Comedy Shoot, Academic Directions

It’s been a busy week. I’ve been working on several projects all at once, which will hopefully all pay off. Between a midterm essay about Herman and Chomsky’s propaganda model, an annotated bibliography, testing out the DSLR to Primiere process, a meeting with a faculty member, reaching out to a media literacy project in New Haven, public relations work and preparation for an upcoming social media workshop, and the shoot mentioned in the title, a lot of things are in the works.

Tuesday night I worked with some classmates to film a comedy show at Angels & Kings in Alphabet City. We used Panasonic DVX100B cameras, which have a lot of nice functionality, but I would have much preferred the HMC150s which are also available through The New School’s equipment center, for the simple reason that they don’t take DV tapes. In my experience tapes are a hassle. Aside from the fact that it was very weird to be deciding on an apature without a light meter (I could almost feel my cinematography professor from Missouri State, Mark Biggs, giving me a disapproving grimace under his moustache), and an interruption in recording when our tapes ran out, it went pretty well. Now, other classmates (who didn’t operate a camera) are going to log the tapes – I do not envy that part of the job.
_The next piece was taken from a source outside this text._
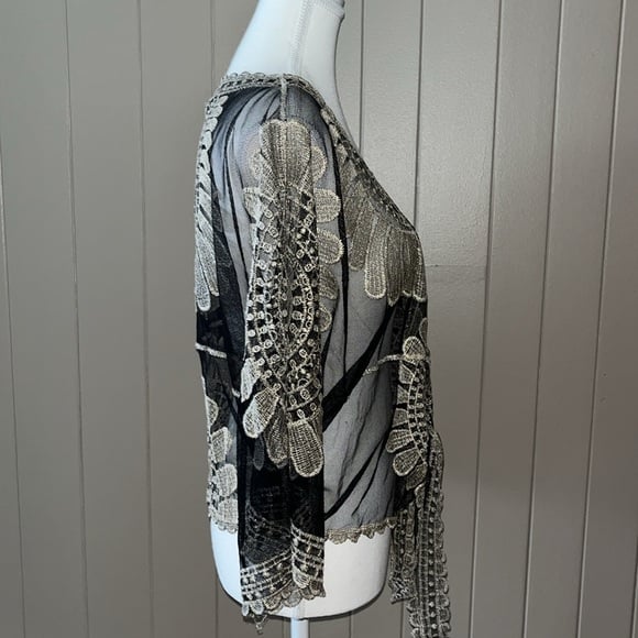 Make a bold and timeless statement with this stunning black cropped jacket, featuring intricate white lace embroidery in symmetrical floral and circular patterns.

Another thing I worked out this morning is my academic direction. I’ve always been interested in mythological studies and the work of Joseph Campbell (as much of a populist as he is) but the use of myth as an ideological force and its connection to narrative and dissemination in media is what I really want to study. A more simplistic way to to put it is “propaganda.” There are some opportunities for that at The New School, but I may also look into taking some classes at NYU with Mark Crispen Miller. The other day I realized FAIR is located in NYC and not in DC as I’d thought (I must have gotten them confused with the Center for Media and Democracy). I’m wondering if a research internship would be possible to study how myths (in Roland Barthes’s conception) get communicated in the popular media for political agendas. Maybe I’m just nostalgic for my political science courses, but I feel a stronger affinity for media when there’s a clear relationship to motivated practice. As my theory teacher puts it (presumably drawing from Jacques Rancière), this is “the politics of aesthetics.” Who knew I could find a reason to read materials I had never heard of three months ago?